For me, Art Works because I have been able to take my lifelong skill of working metal and my love of artistry and nature and combine them with the proven techniques of good business management. Art Works for me because I am able to earn my livelihood by being creative, by helping others get what they need and want, and by providing something unique in the market place. I guess that’s the way Art Works for all of us.

Charlie Mitchell: Words from the City of Grants Pass

It is a difficult task at best to determine the economic benefit of the arts to our economy. This is in part due to the fact that as an industry and an activity, it is still yet relatively new and difficult to define and quantify. At this stage, most of the arts’ benefits tend to be somewhat intangible and tertiary. This does not mean, however, the benefits are insignificant. It just means that we need to begin doing a better job of quantifying the benefits and the impacts of the arts on our community and our economy.

Despite all of this, or perhaps because of it, I offer the following as a short and non-exhaustive list of the importance and benefits of the arts locally.

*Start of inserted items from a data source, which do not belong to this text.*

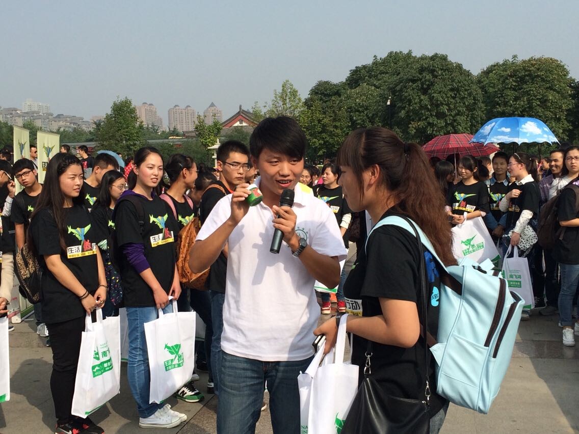 10月1日,在西安大雁塔南广场,随着曲江文旅,西安外国语大学的志愿者们携手集结,为广大游客发放上千份环保垃圾袋和矿泉水,生活微行动之大雁塔站正式启动。
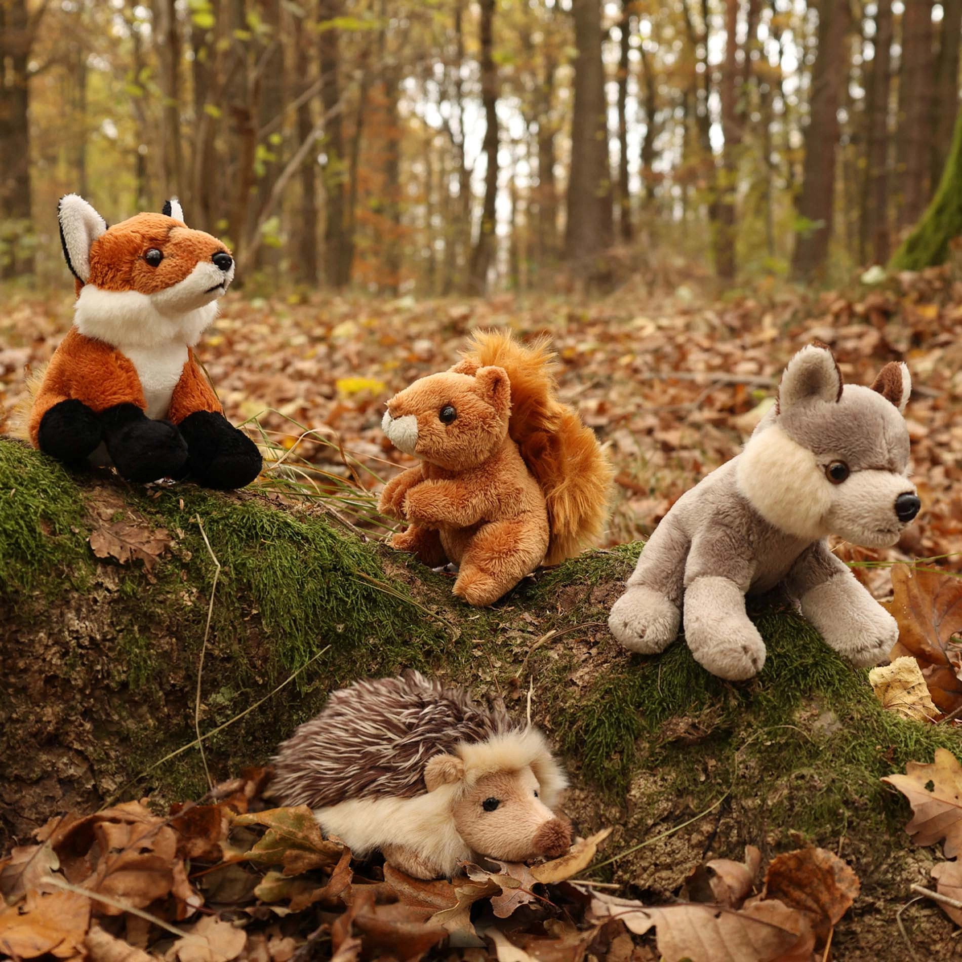 The fox, squirrel, hedgehog, and wolf feature true‑to‑life colors, expressive eyes, and soft fur. They spark imagination and invite cuddling and telling woodland stories.
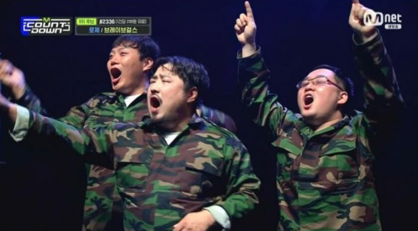 오늘자 브레이브걸스 엠카운트다운 무대는 시도는 좋았지만 혹평이 이어지고 있는데요. 이날 무대에는 강재준과 더불어 개그맨 설명근과 최우선도 함께 올라 브레이브걸스와 함께 무대를 꾸미며 그동안 브레이브걸스가 보여줬던 롤린 무대와 차별화된 재미와 볼거리를 제공할 것으로 기획했는데요. 개그맨 세 사람과 브레이브걸스의 조합이 유튜브에서 화제를 모았던 브레이브걸스와 해병대 장병들의 컬래버레이션을 연상케 했지만 쁘걸의 엔딩도 잡아주지 않고 개그맨들의 예비역 코스프레 밈화 되어 재미도 없고 별로라는 평이 주류입니다.
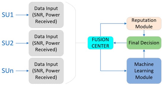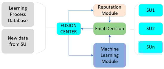 In the second part of the process, the fusion center starts to recognize the SSDF attacks based on the previous results of the training process and the new data obtained from the SUs. The reputation module dynamically adapts the results according to the latest data and gives a weight to each SU. Based on the two modules, an SU can be classified as an SSDF attacker, and its information starts to be irrelevant to the final decision. The final decision is transmitted to all SUs present in the environment, and weights are updated, as can be seen in Figure 2.
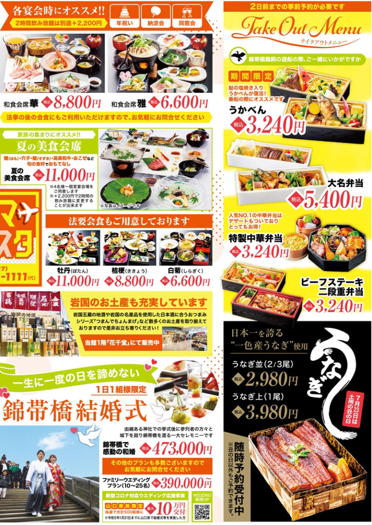 当館をご利用いただいた際はチラシ応募券を切り取って「来店応募抽選会」にもご参加ください♪レストランディナー・ランチペア券、錦帯橋温泉ペア入浴券、岩国地酒飲み比べセットなど豪華賞品が当たるチャンスです!
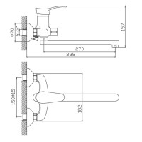 Керамический картридж 35 мм. Смеситель изготовлен из металлического сплава. Переключатель потоков на корпусе смесителя. Диаметр декоративных чашек 70 мм. Душевой гарнитур в комплекте. Межосевое расстояние (расстояние между выходом горячей и холодной трубы) 150 мм. Данное расстояние изменяется за счет входящих в комплект эксцентриков на 15 мм. в большую или меньшую стороны. Цвет хром
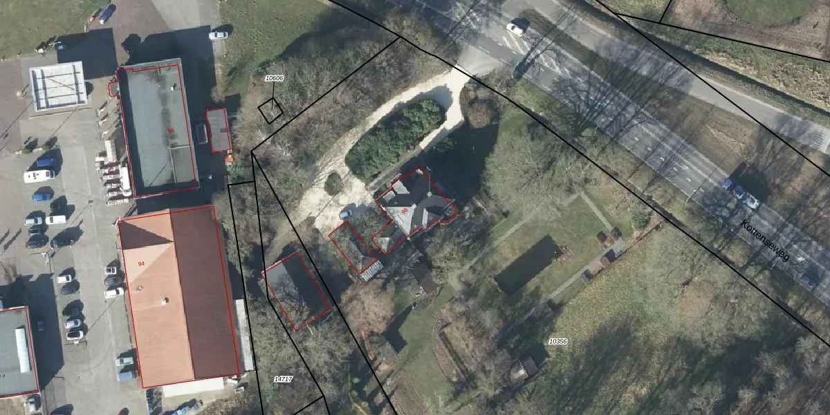 Het perceel waarop Kottenseweg 98 staat heeft een oppervlakte van 1,1 ha. Dit is een zeer groot perceel. De perceeloppervlakte wordt geregistreerd door het Kadaster. Gedetailleerde informatie over de maten van dit perceel kunt u vinden in het rapport Kadastrale kaart met maatvoering van Kottenseweg 98.
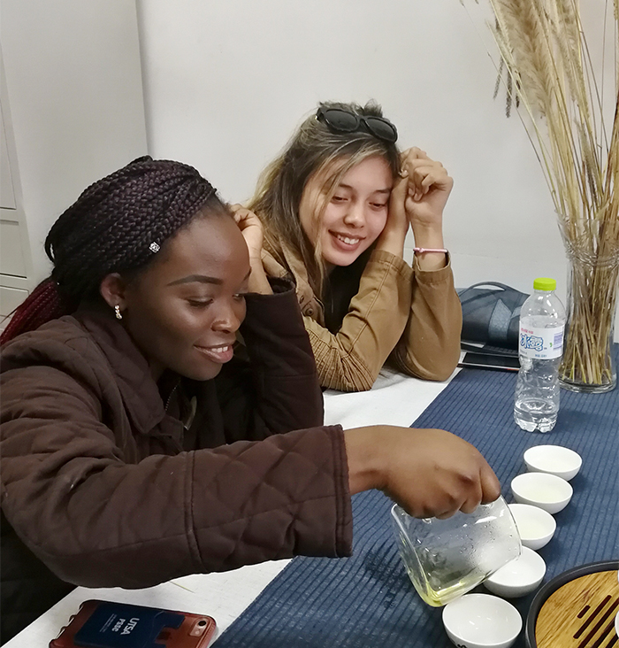 对外经济贸易大学驻美国德克萨斯大学圣安东尼奥分校孔子学院院长姚万祥教授对永利官网的热情接待表示感谢并希望两校间能够开展更为深入的交流与合作。双方在亲切友好的座谈交流之后,共同体验了中国传统的茶文化艺术。在中国老师的指导下,来自美国的同学亲自体验了茶的泡制,并表示回国后将会向自己的家人和朋友做展示。
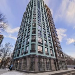 Входная группа выходит на парк, рядом детские площадки, тренажеры и зона отдыха. Витринные окна.
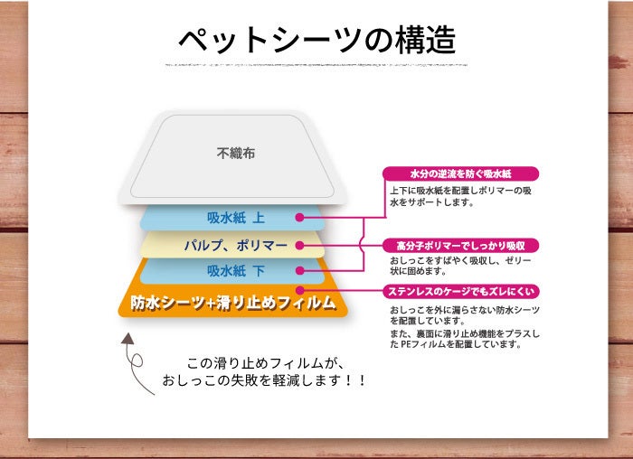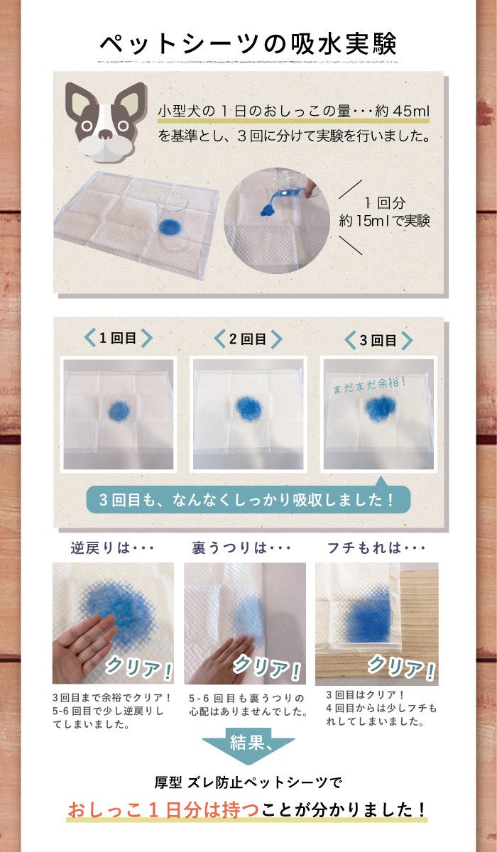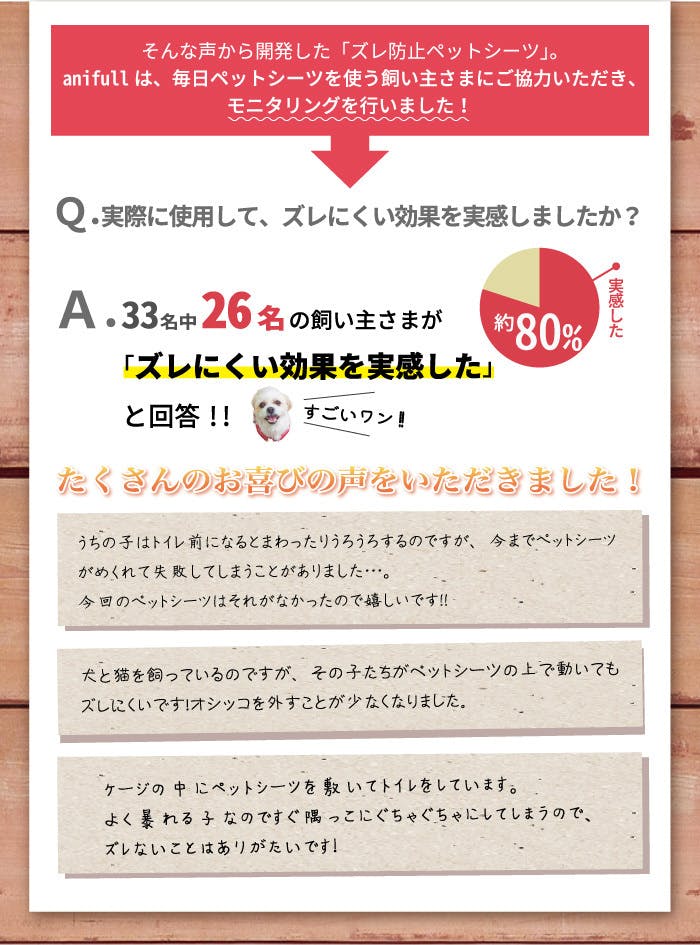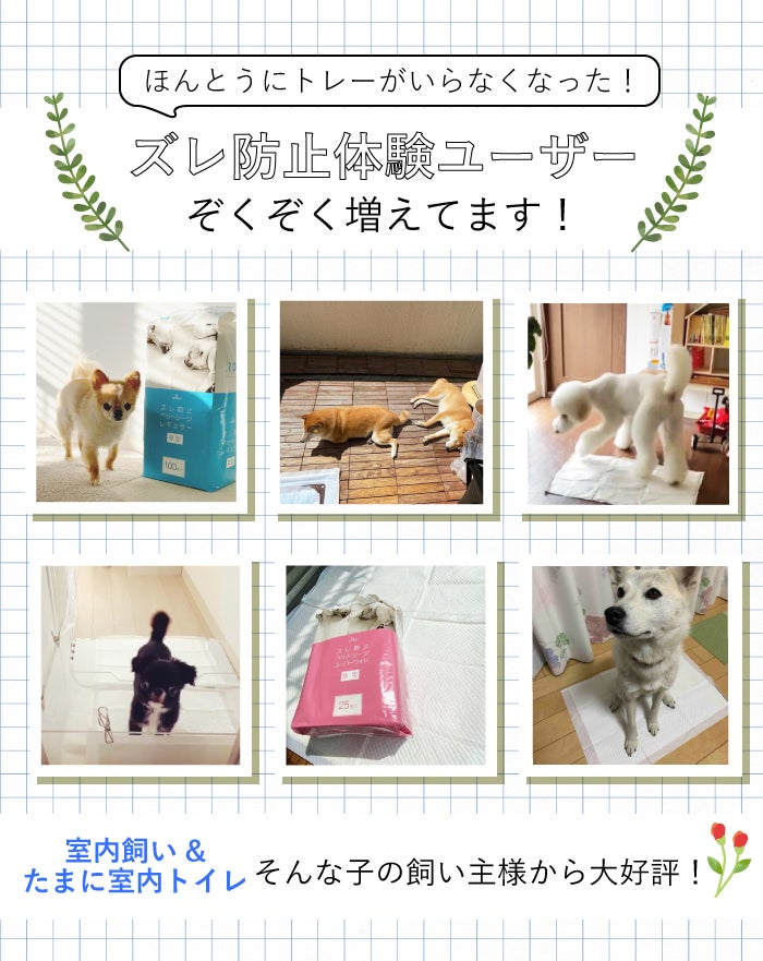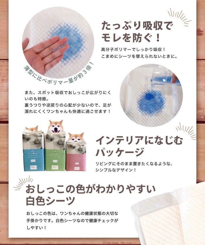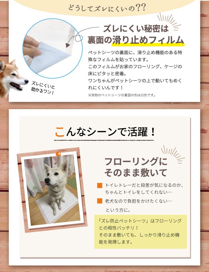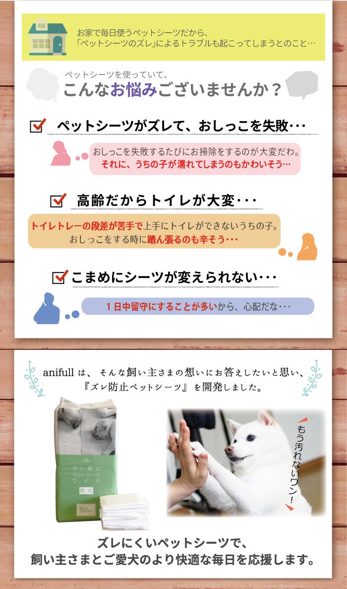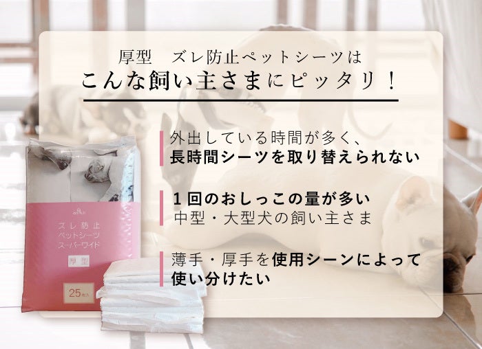 「ペットシーツがズレて、おしっこに失敗しちゃった…。」、「シーツの上で動くとすぐグシャグシャになって敷き直すのが大変...」そんな飼い主様の声から誕生したのが、「厚型ズレ防止ペットシーツ」です。「厚型ズレ防止ペットシーツ」を使っていただくことで、トイレにかかる負担を軽減し、ペットと飼い主様との楽しい時間をサポートしたいと考えています。また、高齢犬などペットシーツがズレることで踏ん張れない子にも優しいペットシーツになっております。
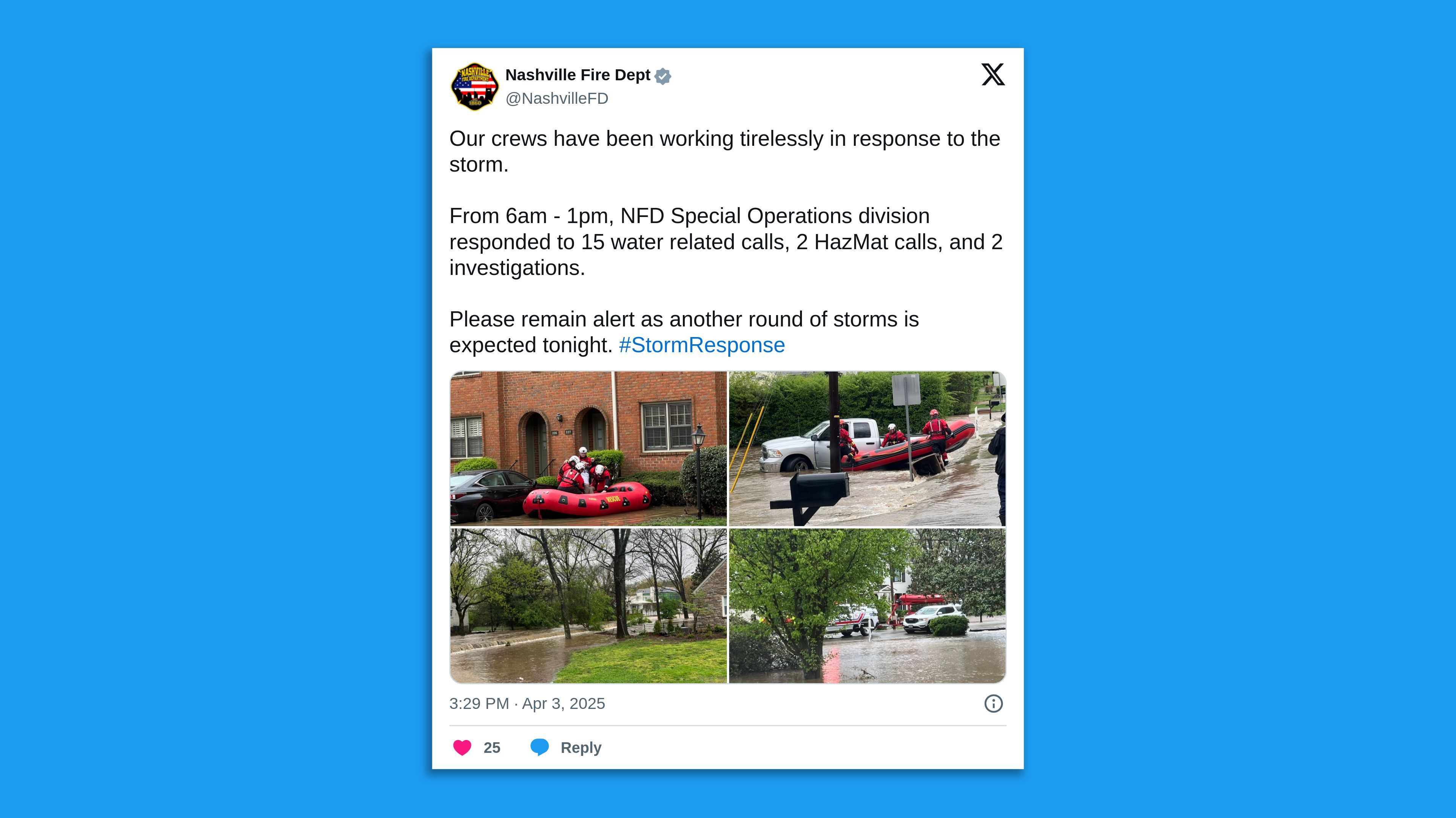Parts, Tennessee, Kentucky and Arkansas were the most at risk for possibly widespread life-threatening flash flooding on the night of April 3 before the High Risk area shifts west slightly the following day. Screenshot: Nashville Fire Department, Tenn./ X

Question: What business-sponsored event draws droves of locals and others to our downtown monthly, and is still increasing in popularity, even after over 10 years of existence?
Answer: First Friday Art Night.

Question: In an attempt to draw more tourists into the community in the “shoulder” fall season, what activity did the City’s Tourism Advisory Committee choose to center its new fall festival around when it formed the event in 2003?
Answer: the arts; as in Art Along the Rogue. (now the largest event of its kind in the Northwest)

Question: What event has propelled the popularity, respect, credibility and name recognition of local artists to unprecedented levels?
Answer: Bear Fest.

Question: What vision has been bringing community leaders together who normally “don’t run in the same circles?”
Answer: The commercial bronze foundry project and the RCC Art Works and Arts Quad campaigns.

Question: What fledgling youth-oriented performing arts movement has risen up from obscurity to local fame in a few short years?
Answer: Connect-The-Dots.

Richard Florida, in his book, “The Rise of the Creative Class,” defines a recipe for the economic success of communities, based on cities’ abilities to grow and attract “creative” professionals, a somewhat broadly defined subset of workers. The arts are by nature a creative industry, but the arts are really more of a means than an end, more of a catalyst of community change than an independent industry. The arts can change the way a community looks at itself and can change the way outsiders view the community. Florida asserts that a city’s creative quotient equates to economic success. He says, “Certain things will always attract creative people: strong music and film scenes, good architecture, a high quality of life in general.”